Task input »
▬▬▬▬▬▬

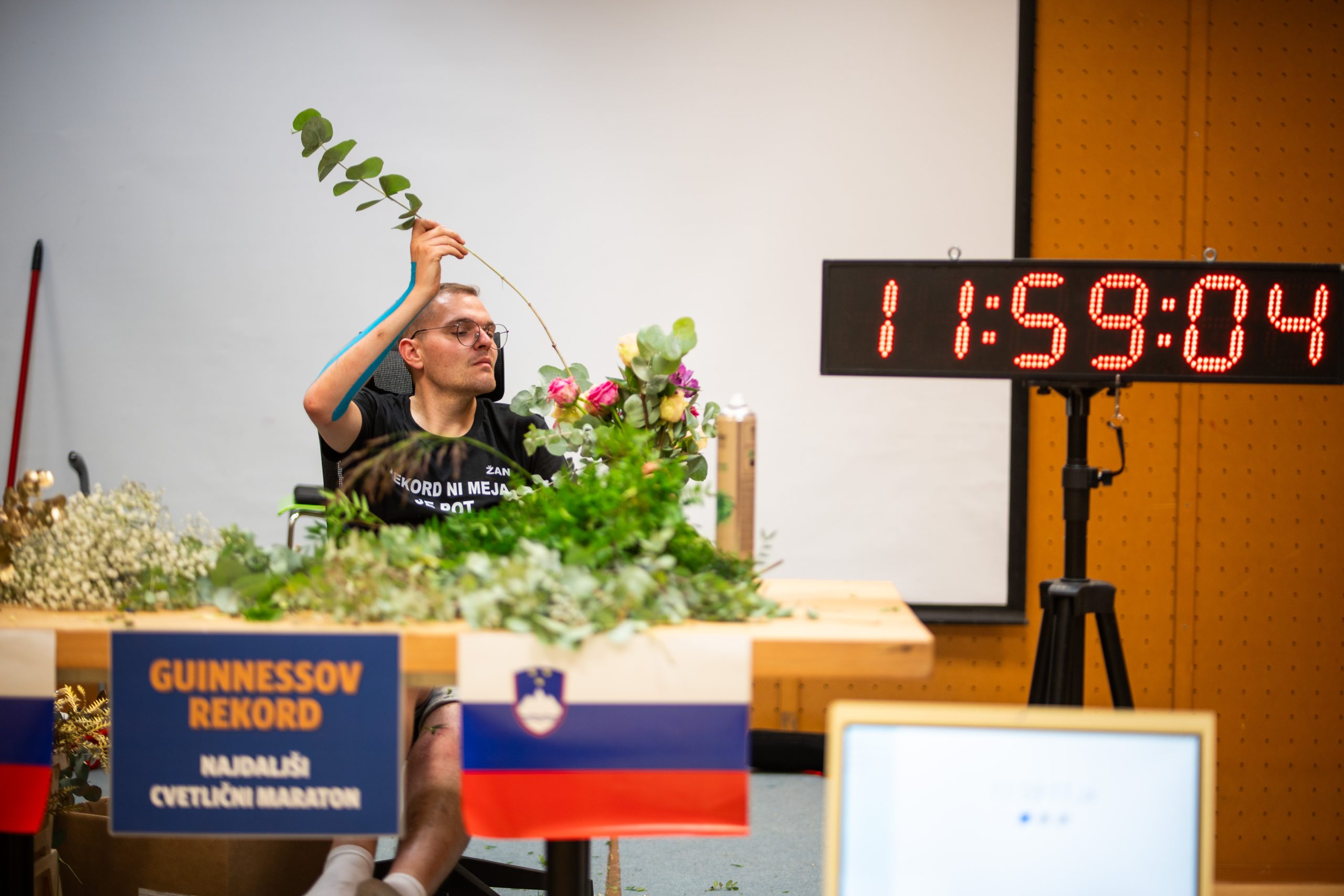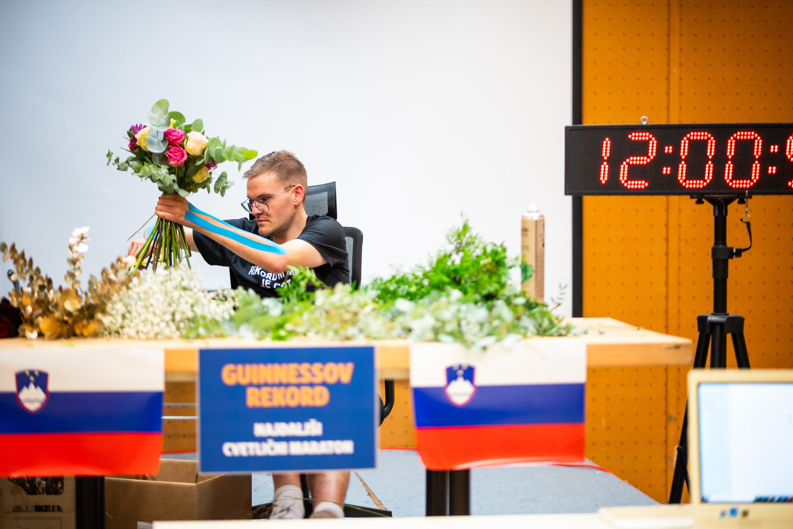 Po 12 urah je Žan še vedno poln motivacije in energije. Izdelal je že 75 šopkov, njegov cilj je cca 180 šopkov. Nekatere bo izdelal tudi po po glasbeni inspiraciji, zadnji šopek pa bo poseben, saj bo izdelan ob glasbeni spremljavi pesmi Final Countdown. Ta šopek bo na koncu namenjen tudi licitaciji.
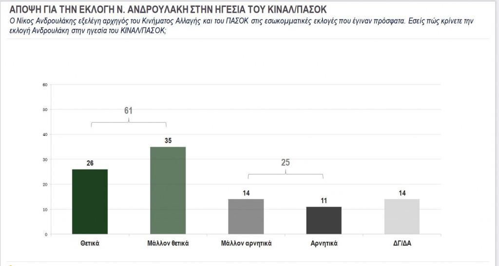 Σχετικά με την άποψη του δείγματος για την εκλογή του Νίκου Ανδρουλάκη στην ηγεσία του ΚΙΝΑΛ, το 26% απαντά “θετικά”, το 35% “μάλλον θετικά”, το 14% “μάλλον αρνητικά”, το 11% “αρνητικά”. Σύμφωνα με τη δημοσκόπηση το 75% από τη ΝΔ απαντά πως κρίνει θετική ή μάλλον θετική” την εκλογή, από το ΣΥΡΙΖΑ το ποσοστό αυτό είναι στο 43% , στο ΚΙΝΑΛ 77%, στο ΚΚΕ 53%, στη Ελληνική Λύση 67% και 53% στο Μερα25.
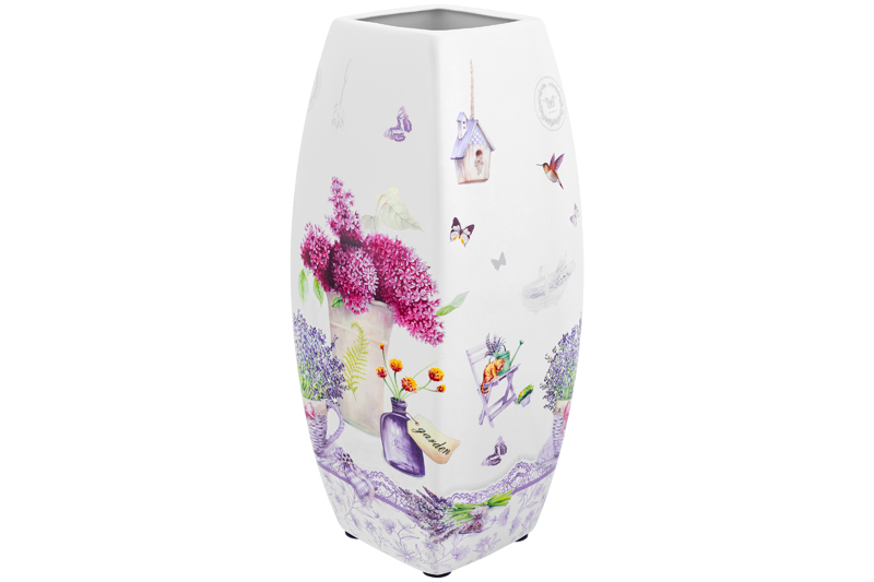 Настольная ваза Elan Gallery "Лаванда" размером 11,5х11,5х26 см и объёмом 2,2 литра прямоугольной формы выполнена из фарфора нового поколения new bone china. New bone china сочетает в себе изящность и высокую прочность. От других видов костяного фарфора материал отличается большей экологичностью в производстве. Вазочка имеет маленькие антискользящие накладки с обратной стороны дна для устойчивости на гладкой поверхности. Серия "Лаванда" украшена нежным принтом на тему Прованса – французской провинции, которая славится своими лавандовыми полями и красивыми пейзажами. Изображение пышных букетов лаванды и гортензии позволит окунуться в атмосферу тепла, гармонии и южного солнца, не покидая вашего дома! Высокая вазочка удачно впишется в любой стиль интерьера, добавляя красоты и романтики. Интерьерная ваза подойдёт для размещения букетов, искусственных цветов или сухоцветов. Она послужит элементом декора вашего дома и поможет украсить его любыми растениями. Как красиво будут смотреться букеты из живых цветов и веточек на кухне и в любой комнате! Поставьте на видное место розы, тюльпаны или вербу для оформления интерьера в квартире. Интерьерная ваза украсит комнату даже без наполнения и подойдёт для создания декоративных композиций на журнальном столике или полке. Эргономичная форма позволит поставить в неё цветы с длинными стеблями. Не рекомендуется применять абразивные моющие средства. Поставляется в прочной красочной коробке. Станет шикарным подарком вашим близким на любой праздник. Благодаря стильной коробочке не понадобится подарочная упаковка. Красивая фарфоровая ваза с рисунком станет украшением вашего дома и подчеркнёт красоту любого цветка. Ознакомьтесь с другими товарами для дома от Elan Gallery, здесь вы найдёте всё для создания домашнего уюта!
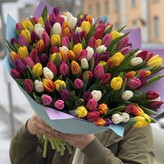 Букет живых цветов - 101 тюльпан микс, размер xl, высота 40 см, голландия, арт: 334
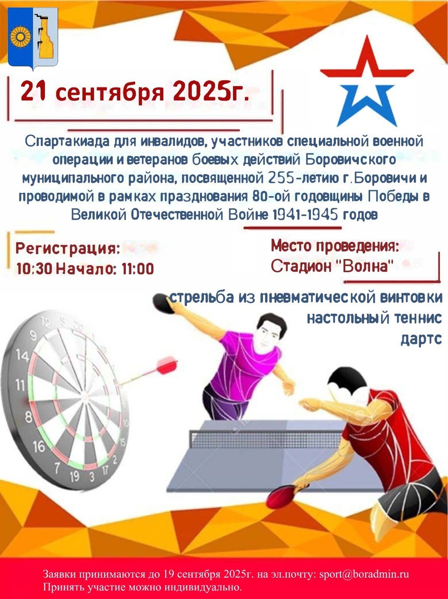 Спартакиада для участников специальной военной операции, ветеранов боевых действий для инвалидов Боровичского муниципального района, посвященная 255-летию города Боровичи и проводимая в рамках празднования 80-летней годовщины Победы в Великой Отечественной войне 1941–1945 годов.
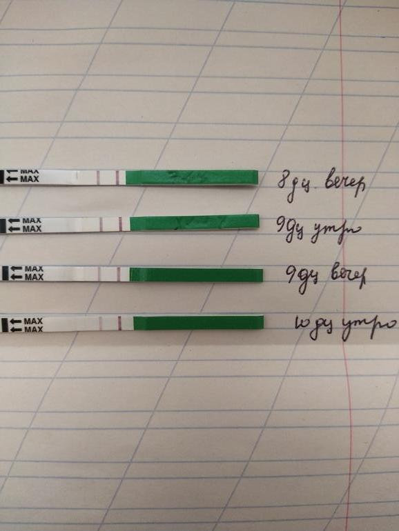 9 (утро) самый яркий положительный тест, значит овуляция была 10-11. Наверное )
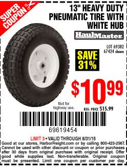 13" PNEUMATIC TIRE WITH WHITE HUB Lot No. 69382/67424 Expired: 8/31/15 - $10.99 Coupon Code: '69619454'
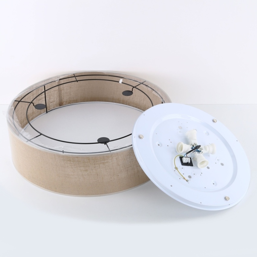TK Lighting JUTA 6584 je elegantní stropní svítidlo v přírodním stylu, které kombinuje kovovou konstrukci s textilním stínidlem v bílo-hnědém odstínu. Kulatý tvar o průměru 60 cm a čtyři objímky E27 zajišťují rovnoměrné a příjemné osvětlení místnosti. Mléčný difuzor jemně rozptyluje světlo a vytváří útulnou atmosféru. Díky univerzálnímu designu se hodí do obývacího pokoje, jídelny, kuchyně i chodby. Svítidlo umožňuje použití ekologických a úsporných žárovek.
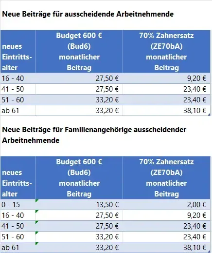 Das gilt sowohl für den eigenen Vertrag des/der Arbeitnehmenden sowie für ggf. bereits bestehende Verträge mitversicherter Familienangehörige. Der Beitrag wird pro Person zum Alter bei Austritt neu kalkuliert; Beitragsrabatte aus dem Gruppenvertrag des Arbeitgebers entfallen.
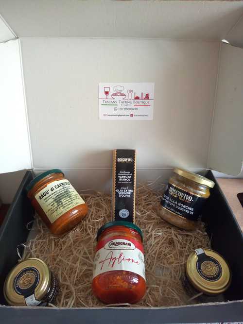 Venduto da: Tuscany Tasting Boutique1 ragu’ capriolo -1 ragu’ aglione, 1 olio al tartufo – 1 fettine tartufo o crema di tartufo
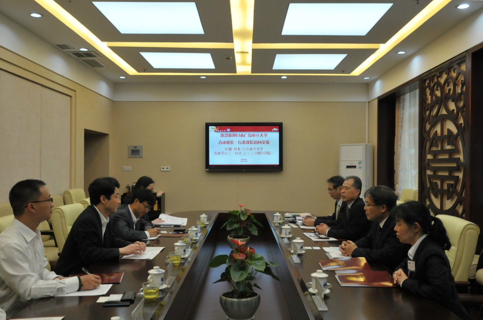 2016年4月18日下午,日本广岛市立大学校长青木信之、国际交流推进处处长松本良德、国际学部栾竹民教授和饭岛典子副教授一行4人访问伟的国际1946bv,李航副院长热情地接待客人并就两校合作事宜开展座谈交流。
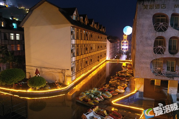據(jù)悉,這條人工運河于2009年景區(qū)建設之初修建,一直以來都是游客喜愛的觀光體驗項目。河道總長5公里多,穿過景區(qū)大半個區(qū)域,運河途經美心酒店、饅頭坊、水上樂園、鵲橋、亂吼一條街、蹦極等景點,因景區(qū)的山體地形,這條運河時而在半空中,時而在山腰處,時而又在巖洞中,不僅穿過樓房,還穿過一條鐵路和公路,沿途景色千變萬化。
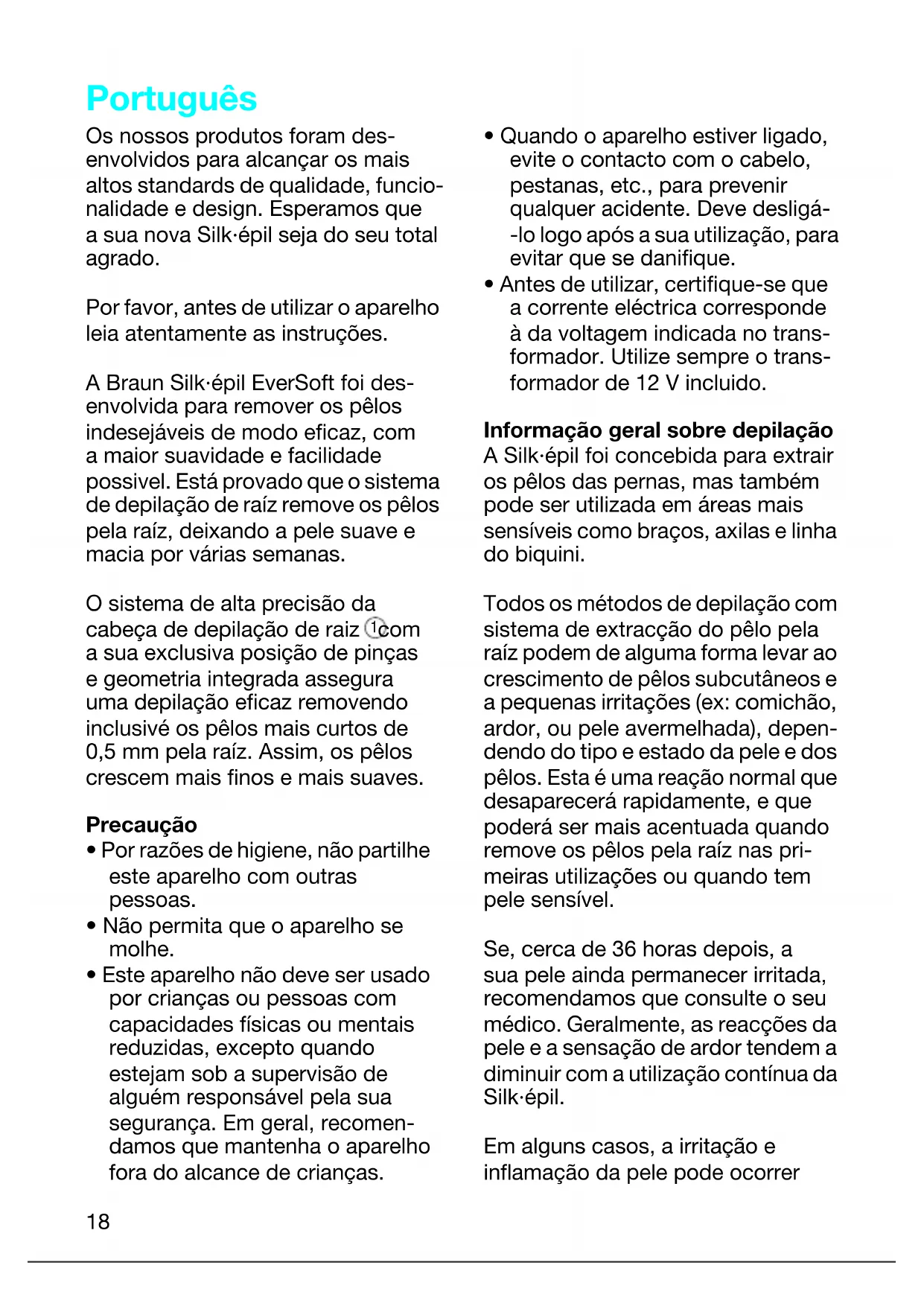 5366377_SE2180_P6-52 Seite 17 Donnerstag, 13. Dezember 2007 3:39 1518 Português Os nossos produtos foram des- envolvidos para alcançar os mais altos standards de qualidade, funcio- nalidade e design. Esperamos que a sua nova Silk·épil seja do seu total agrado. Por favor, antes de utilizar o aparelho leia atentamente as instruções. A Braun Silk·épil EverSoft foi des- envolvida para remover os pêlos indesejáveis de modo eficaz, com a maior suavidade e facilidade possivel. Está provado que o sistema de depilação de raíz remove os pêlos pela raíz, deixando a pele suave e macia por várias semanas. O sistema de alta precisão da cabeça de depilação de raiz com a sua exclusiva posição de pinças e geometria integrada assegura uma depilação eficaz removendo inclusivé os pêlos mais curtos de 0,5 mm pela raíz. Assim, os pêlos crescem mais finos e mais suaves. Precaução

▬▬▬▬▬▬

Work required » Restrict the output to the lines from the one with "Venduto da: Tuscany" through the last line of the material above. Print them exactly, leaving out every picture.

Response to this exercise »
 Venduto da: Tuscany Tasting Boutique1 ragu’ capriolo -1 ragu’ aglione, 1 olio al tartufo – 1 fettine tartufo o crema di tartufo
 2016年4月18日下午,日本广岛市立大学校长青木信之、国际交流推进处处长松本良德、国际学部栾竹民教授和饭岛典子副教授一行4人访问伟的国际1946bv,李航副院长热情地接待客人并就两校合作事宜开展座谈交流。
據(jù)悉,這條人工運河于2009年景區(qū)建設之初修建,一直以來都是游客喜愛的觀光體驗項目。河道總長5公里多,穿過景區(qū)大半個區(qū)域,運河途經美心酒店、饅頭坊、水上樂園、鵲橋、亂吼一條街、蹦極等景點,因景區(qū)的山體地形,這條運河時而在半空中,時而在山腰處,時而又在巖洞中,不僅穿過樓房,還穿過一條鐵路和公路,沿途景色千變萬化。
 5366377_SE2180_P6-52 Seite 17 Donnerstag, 13. Dezember 2007 3:39 1518 Português Os nossos produtos foram des- envolvidos para alcançar os mais altos standards de qualidade, funcio- nalidade e design. Esperamos que a sua nova Silk·épil seja do seu total agrado. Por favor, antes de utilizar o aparelho leia atentamente as instruções. A Braun Silk·épil EverSoft foi des- envolvida para remover os pêlos indesejáveis de modo eficaz, com a maior suavidade e facilidade possivel. Está provado que o sistema de depilação de raíz remove os pêlos pela raíz, deixando a pele suave e macia por várias semanas. O sistema de alta precisão da cabeça de depilação de raiz com a sua exclusiva posição de pinças e geometria integrada assegura uma depilação eficaz removendo inclusivé os pêlos mais curtos de 0,5 mm pela raíz. Assim, os pêlos crescem mais finos e mais suaves. Precaução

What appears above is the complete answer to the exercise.